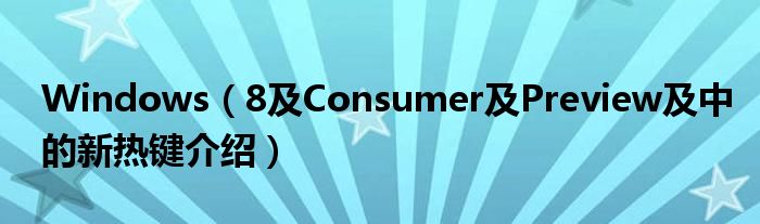 大家好,今天小悦来为大家解答以上问题。Windows,8及Consumer及Preview及中的新热键介绍很多人还不知道,现在让我们一起来看看吧!
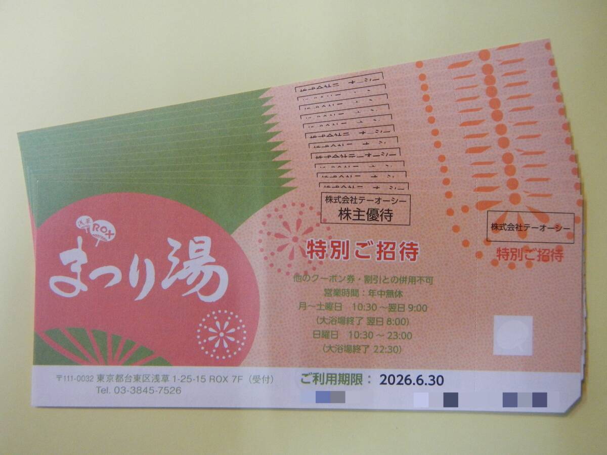 即決 複数あり テーオーシー TOC 株主優待 浅草ROXまつり湯 ご招待券 1枚 2枚 3枚 4枚 5枚 6枚 A
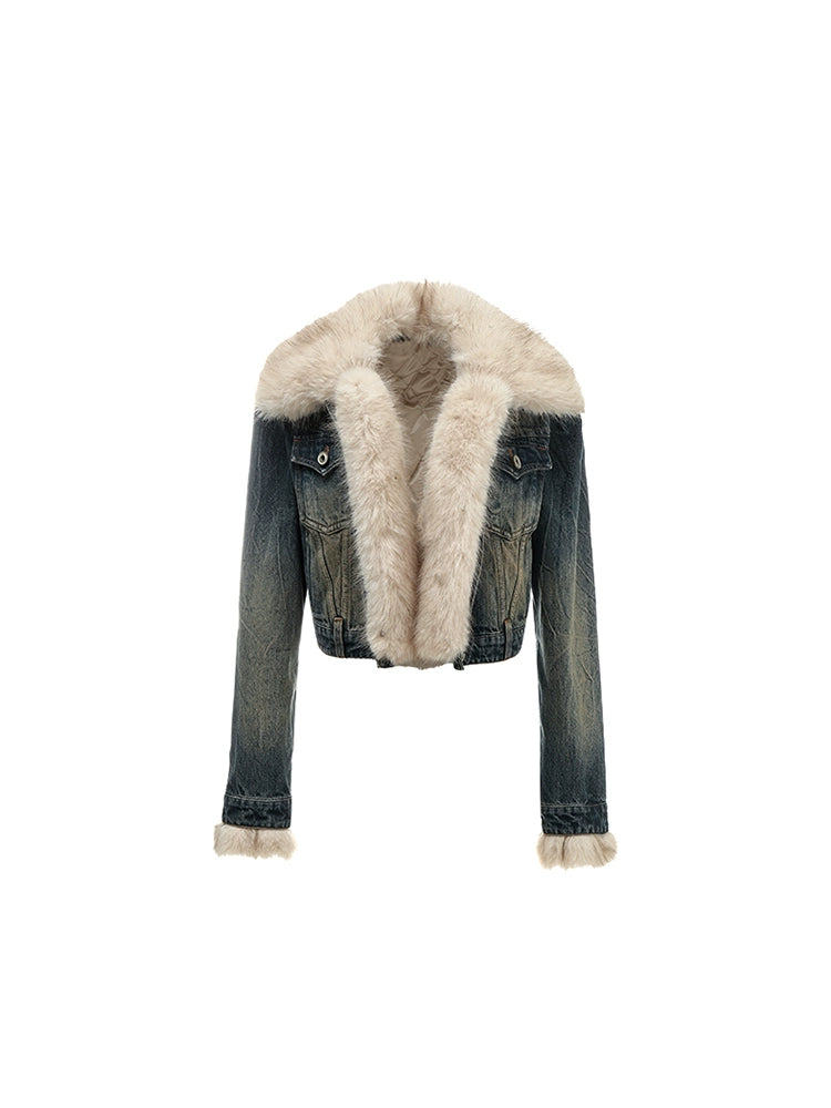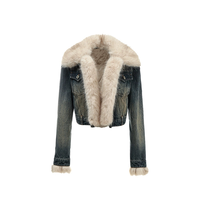 Vintage Slim Fit Detachable Denim Jacket with Cotton Patchwork – Fall/Winter Style

┄┄┄┄┄┄┄┄┄┄

Instructions to follow: The full text of the data above, exact and without pictures, is what to return.

Reply:
 大家好,今天小悦来为大家解答以上问题。Windows,8及Consumer及Preview及中的新热键介绍很多人还不知道,现在让我们一起来看看吧!
 即決 複数あり テーオーシー TOC 株主優待 浅草ROXまつり湯 ご招待券 1枚 2枚 3枚 4枚 5枚 6枚 A
 Vintage Slim Fit Detachable Denim Jacket with Cotton Patchwork – Fall/Winter Style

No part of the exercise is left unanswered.